Macron and Meloni Are Opposites. They Just Found Reasons to Agree.
Global Economy
Key Facts
France’s president and Italy’s prime minister held their first formal bilateral summit on June 25, despite sitting at opposite ends of European politics. For Latin America, the most consequential thing they agree on is a trade deal they both want to stop.

Emmanuel Macron built his career as a pro-European centrist who champions deeper union. Giorgia Meloni leads a coalition of right and far-right parties that made its name resisting exactly that.
Yet there they were at the Villa Eilenroc in Antibes, a grand villa overlooking the Mediterranean, looking for common ground. The meeting is a small case study in how ideological opposites cooperate when circumstances leave them no better option.
Why Macron and Meloni met now
As announced by the Élysée Palace, the summit was meant to deepen cooperation in defence, space, energy and infrastructure. The French presidency summed up the logic bluntly, saying the two countries need each other.
It was the first summit of its kind held under the Quirinal Treaty. That 2021 pact was designed to give Rome and Paris the kind of structured, regular cooperation that France has long had with Germany.
The timing carried its own message. Meloni arrived fresh from a public falling-out with US President Donald Trump, whom she had once hoped to court as a bridge between Washington and Europe.
Her distancing from Trump, over what she called his constant and unprovoked attacks, pushes her closer to European partners by default. A leader who loses one alliance tends to go looking for another.
What the two sides actually discussed
The substance was heavily industrial. Nine ministers from each government worked through defence, civil nuclear power, the space industry and cross-border transport, the practical machinery of two large neighbouring economies.
The economic stakes are large. France and Italy traded more than one hundred billion euros in 2025, and France remains Italy’s biggest foreign investor, so the relationship matters whatever the politics.
It is worth being precise about what a summit like this delivers. Much of the agenda is framed as cooperation to deepen rather than treaties signed on the day, and the real test is whether the warm words turn into joint programmes.
Both leaders also face elections within roughly a year, which sharpens every gesture. A summit is partly diplomacy and partly a stage, and each was performing for an audience back home as much as for the other.
Where Macron and Meloni agree, and why Latin America should care
The most striking point of agreement is one that reaches across the Atlantic. Both Macron and Meloni oppose the European Union’s long-negotiated trade deal with Mercosur, the South American bloc of Brazil, Argentina, Uruguay and Paraguay.
Their reasons are domestic. French and Italian farmers fear a flood of cheaper South American beef, grain and sugar, and both governments are unwilling to spend political capital defending a deal their rural voters dislike.
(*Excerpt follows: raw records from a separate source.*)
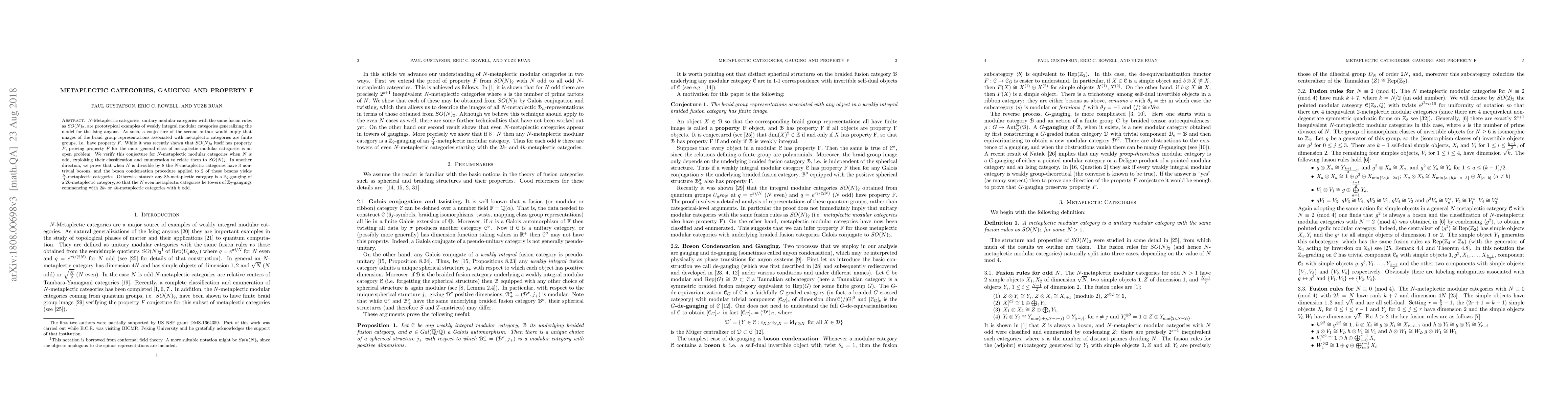 The paper introduces a systematic approach to proving Property F for N-metaplectic categories using Galois conjugation and twisting, and establishes a connection between metaplectic categories and Z2-gaugings.
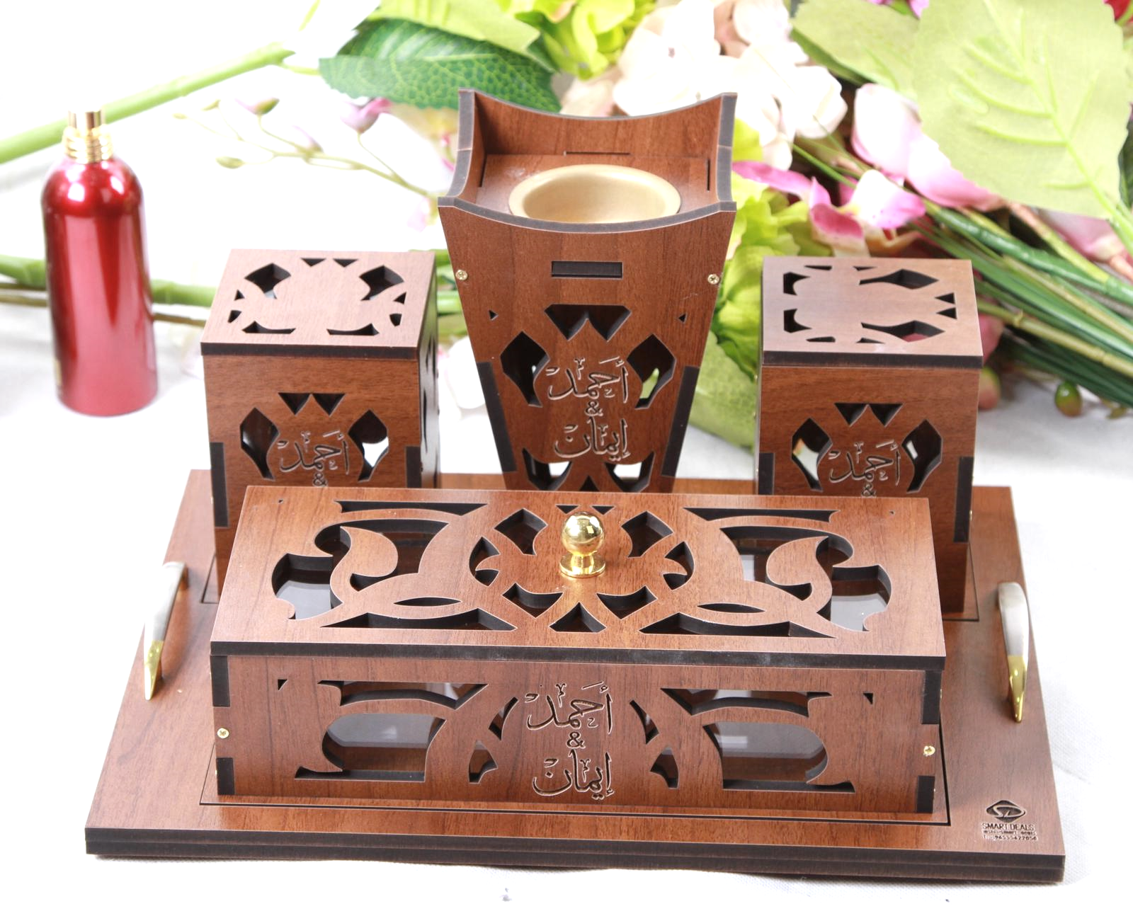 صينية مبخر خشب (الطول 34سم - عرض 25 سم) تحتوي على مبخر و علبتين بخور و علبة حلو
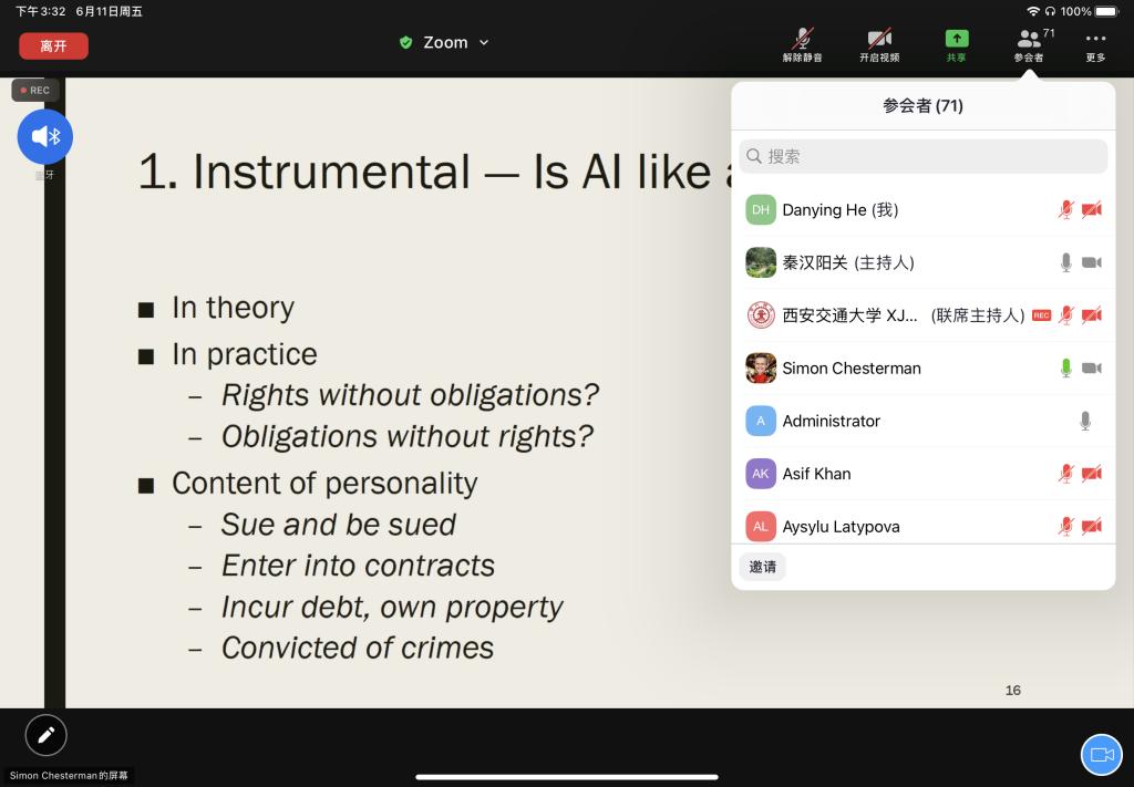 2021年6月11日下午,新丝路法学院联盟“院长论坛”首场讲座成功举办。新加坡国立大学讲席教授、法学院院长Simon Chesterman教授为联盟25所院校师生以及丝绸之路大学联盟的师生带来了题为“我们,机器人?人工智能与法律人格的限度(We, the Robots? Artificial Intelligence and the Limits of Legal Personality)”的线上讲座。讲座由江南在线客服单文华院长主持,国际处雷艳君副处长致辞。

For Latin America, that opposition is not a footnote. The Mercosur agreement would open Europe’s vast market to the region’s farm exports, and two of the EU’s three largest economies lining up against it is a serious obstacle.
It is a useful reminder of how Europe’s internal politics ripple outward. A quarrel over French and Italian farms, settled between two leaders who agree on little else, can decide whether a Brazilian rancher or an Argentine grain trader reaches European shelves.
The lesson in governing with your opposite
Strip away the Riviera setting and the summit is a study in coalition by necessity. Two leaders who disagree on the shape of Europe still share borders, supply chains and security threats they cannot face alone.
That is a familiar picture for Latin American readers, whose own polarized politics often force rivals into uneasy partnership. The Antibes meeting suggests that shared interest, not shared ideology, is what actually holds such arrangements together.
Whether the rapprochement lasts is an open question, given how fragile the personal relationship has been. But for now, two opposites have found enough common ground to sit at the same table, which in today’s fractured politics is itself worth noting.
Frequently Asked Questions
What did the Macron and Meloni summit cover?
The June 25 summit in Antibes focused on cooperation in defence, civil nuclear energy, the space industry and transport infrastructure, with nine ministers from each government taking part. It was the first bilateral summit held under the 2021 Quirinal Treaty between France and Italy.
Why are Macron and Meloni described as opposites?
Macron is a pro-European centrist who favours deeper EU integration, while Meloni leads a coalition of right and far-right parties that built its identity resisting it. Their governments have clashed over migration, trade and Europe’s direction, making their cooperation a partnership of necessity rather than shared belief.
How does the summit affect Latin America?
Both leaders oppose the European Union’s trade deal with the South American Mercosur bloc, mainly to protect French and Italian farmers. With two of the EU’s three largest economies against it, the agreement that would open Europe to the region’s farm exports faces a serious obstacle.